The command to clean out the cache and start afresh is sudo dnf clean all
.
Getting repository information from the local SQLite database
RPM does more than store repository information in the cache or .repo
files. When a package is installed, RPM makes entries into a SQLite database hosted on the local computer. This database is dedicated to RPM activity and is located in the host computer's /var/lib/rpm
directory.
The SQLite entries describe metadata about the package that's been installed. You use rpm -qi
to get information from the SQLite database about a particular package.
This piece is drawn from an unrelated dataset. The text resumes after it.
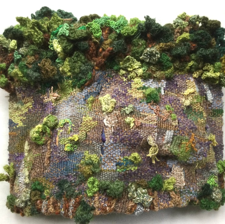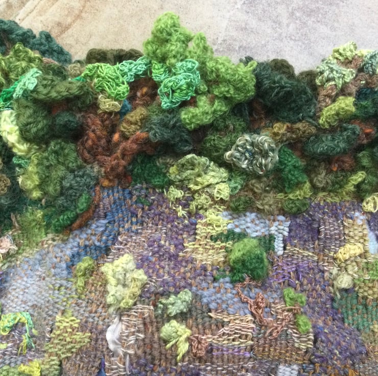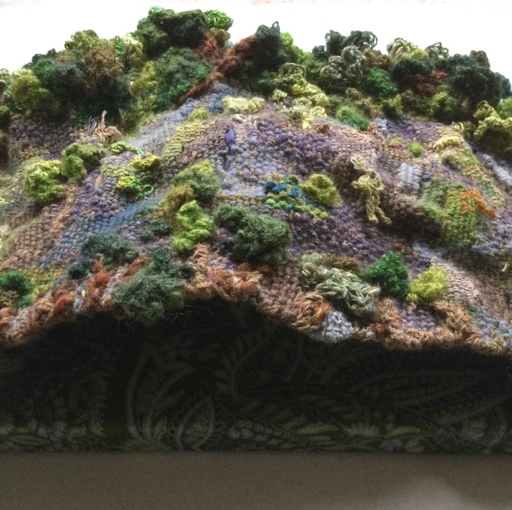 Mount Lico, is a one of a kind, mounted 3D tapestry weaving with added embroidery and crochet elements. It has been hand woven with a mixture of wool, linen, cotton, and rayon yarns in various shades of brown, green, blue, grey and purple. It is woven in 3 pieces and joined together, the embroidery and crochet foliage added afterwards and the slits in the weaving are backed with different cotton and silk fabrics. It is stitched onto chicken wire and bent into a curved shape and fixed onto a fabric covered frame which measures 30 x 29 x 11cm and hangs from d rings with twine.

This listing shows an example of executing the rpm -q -i jq
command to get information about the jq
utility, which is used to parse and filter JSON files.
$ rpm -q -i jq
Name : jq
Version : 1.6
Release : 9.el9
Architecture: x86_64
Install Date: Mon 30 May 2022 02:07:40 PM PDT
Group : Unspecified
Size : 400049
License : MIT and ASL 2.0 and CC-BY and GPLv3
Signature : RSA/SHA256, Wed 11 Aug 2021 05:50:53 PM PDT, Key ID 05b555b38483c65d
Source RPM : jq-1.6-9.el9.src.rpm
Build Date : Mon 09 Aug 2021 03:22:17 PM PDT
Build Host : x86-02.stream.rdu2.redhat.com
Packager : builder@centos.org
Vendor : CentOS
URL : http://stedolan.github.io/jq/
Summary : Command-line JSON processor
Description :
lightweight and flexible command-line JSON processor
jq is like sed for JSON data – you can use it to slice
and filter and map and transform structured data with
the same ease that sed, awk, grep and friends let you
play with text.
It is written in portable C, and it has zero runtime
dependencies.
jq can mangle the data format that you have into the
one that you want with very little effort, and the
program to do so is often shorter and simpler than
you'd expect.
You can also view information from the SQLite database that has RPM repository data directly by using a SQLite client. You install SQLite and the client using this command:
sudo dnf install sqlite
After it's been installed, you gain access to the RPM using the SQLite client by executing the following command:
$ sqlite3 /var/lib/rpm/rpmdb.sqlite
Once the client is invoked, you can use SQLite commands and queries at the prompt of the SQLite client to set and get information in the SQLite RPM/dnf
database. This listing shows the command that produces a list of tables in the SQLite database.
sqlite> .tables
Basenames Name Sigmd5
Conflictname Obsoletename Suggestname
Dirnames Packages Supplementname
Enhancename Providename Transfiletriggername
Filetriggername Recommendname Triggername
Group Requirename
Installtid Sha1header
Putting it all together
The RPM installation process is pretty ingenious. It's no small feat to set things up so that a single command executed in a terminal window does the enormous amount of work required to find and install the multitude of components required to run a particular application on a RHEL, Fedora, or CentOS Stream computer. There's a good argument to be made that the RPM package manager helped bring Linux into the mainstream for business and home users.
At the center of it all is the .repo
file. The standardization inherent in a .repo
file provides the predictability that is essential to making RPM work. The RPM discovery and installation process based on a standard .repo
file specification makes it so all RPM packages are installed in the same manner on any computer running RHEL, Fedora, or CentOS Stream. It's an amazing feat.
Understanding the details of a .repo
file as described in this article is an important next step for working with RPM beyond general usage, particularly when you start developing your own RPM packages. Hopefully, the information provided in the article will help make it easier for you to move forward working with RPM.